REQUIREMENT
The entries below are to be repeated exactly, with the pictures left out.

EXTRACTED INFORMATION

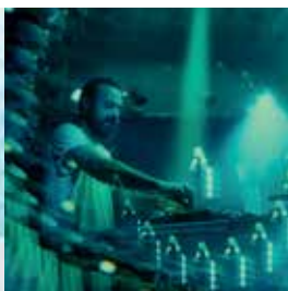
Arnaud Gonzalez © DR
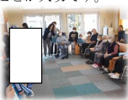
2年 愛の家グループホーム
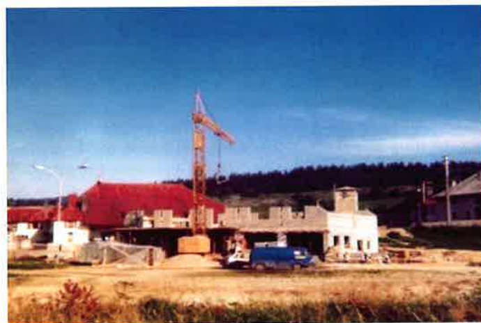
▲ La construction du centre de secours en 1976.

tous usages. Nous avions également une moto pompe portative fixée sur un traineau. L'ensemble permettait d'accéder aux différents points de puisage quand il y avait beaucoup de neige. La pompe était équipée d'un moteur de peugeot 203. Nous l'avons utilisée à Besançon lors des inondations de 1990, désolidarisée du traineau, elle nous a permis d'aller dans des endroits inaccessibles telles que les arrière-cours. Depuis 1992, elle est au Musée Départemental des Sapeurs Pompiers à Thoiry dans le pays de Gex. » Michel Cannelle nous raconte : « En devenant centre de secours, nous avons été dotés en plus d'un fourgon pompe tonne léger et d'une ambulance. Ce matériel a été abrité dans l'ancien hangar des machines du tacot appelé aussi la petite gare situé à l'emplacement actuel de la station service Atac. Les véhicules étaient rangés en enfilade et en cas d'incendie, il fallait sortir l'ambulance d'abord. C'est le premier local où nous pouvions ranger nos tenues entre
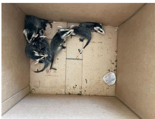
(51614-51620) Gambá de orelha branca
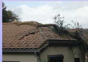
[倒木による家屋への被害] (鎌倉市)
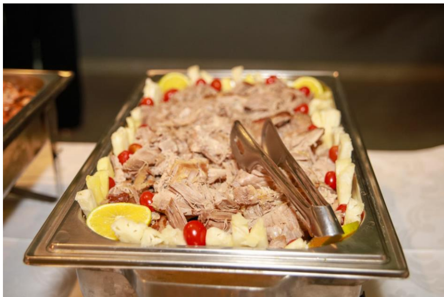
Figura 35. Sobre paleta suína.
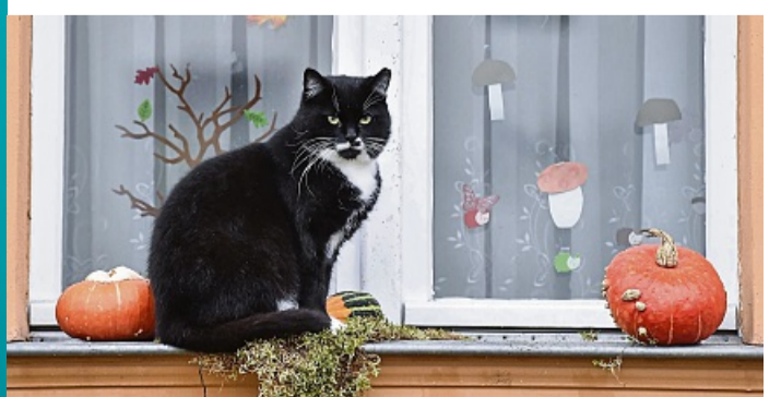
Bei der Halloween-Deko sind Haustierbesitzer lieber zurückhaltend - sonst droht echte Gefahr für ihre Vierbeiner.
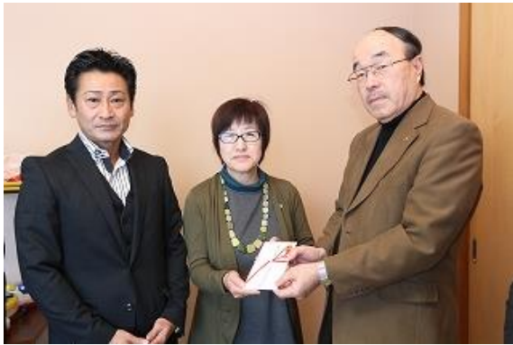
赤ちゃんの家さくらんぼさんへ15万円の寄付をさせていただきました。(2月2日)

視察で頂いた要望をもとに下記の通り寄付を行いました。この寄付に使われる費用は、各市民祭り会場や、支部企画研修会、県下統一研修会、ブロック懇談会などで会員の皆様や参加者の皆様に募金して頂いたものです。北尾張支部では、引き続き各病院や福祉施設へ、出来る限りの支援をおこなっていこうと考えています。そのためには皆様のご協力が欠かせません。ポケットに入っているワンコインで構いませんので、是非ご協力をよろしくお願いいたします。
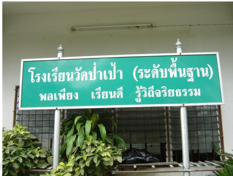
ภาพที่ 4.7 ศูนย์การเรียนรู้วัดป่าเป่า

ANSWER SPACE
Arnaud Gonzalez © DR
2年 愛の家グループホーム
▲ La construction du centre de secours en 1976.

tous usages. Nous avions également une moto pompe portative fixée sur un traineau. L'ensemble permettait d'accéder aux différents points de puisage quand il y avait beaucoup de neige. La pompe était équipée d'un moteur de peugeot 203. Nous l'avons utilisée à Besançon lors des inondations de 1990, désolidarisée du traineau, elle nous a permis d'aller dans des endroits inaccessibles telles que les arrière-cours. Depuis 1992, elle est au Musée Départemental des Sapeurs Pompiers à Thoiry dans le pays de Gex. » Michel Cannelle nous raconte : « En devenant centre de secours, nous avons été dotés en plus d'un fourgon pompe tonne léger et d'une ambulance. Ce matériel a été abrité dans l'ancien hangar des machines du tacot appelé aussi la petite gare situé à l'emplacement actuel de la station service Atac. Les véhicules étaient rangés en enfilade et en cas d'incendie, il fallait sortir l'ambulance d'abord. C'est le premier local où nous pouvions ranger nos tenues entre
(51614-51620) Gambá de orelha branca
[倒木による家屋への被害] (鎌倉市)
Figura 35. Sobre paleta suína.
Bei der Halloween-Deko sind Haustierbesitzer lieber zurückhaltend - sonst droht echte Gefahr für ihre Vierbeiner.
赤ちゃんの家さくらんぼさんへ15万円の寄付をさせていただきました。(2月2日)

視察で頂いた要望をもとに下記の通り寄付を行いました。この寄付に使われる費用は、各市民祭り会場や、支部企画研修会、県下統一研修会、ブロック懇談会などで会員の皆様や参加者の皆様に募金して頂いたものです。北尾張支部では、引き続き各病院や福祉施設へ、出来る限りの支援をおこなっていこうと考えています。そのためには皆様のご協力が欠かせません。ポケットに入っているワンコインで構いませんので、是非ご協力をよろしくお願いいたします。
ภาพที่ 4.7 ศูนย์การเรียนรู้วัดป่าเป่า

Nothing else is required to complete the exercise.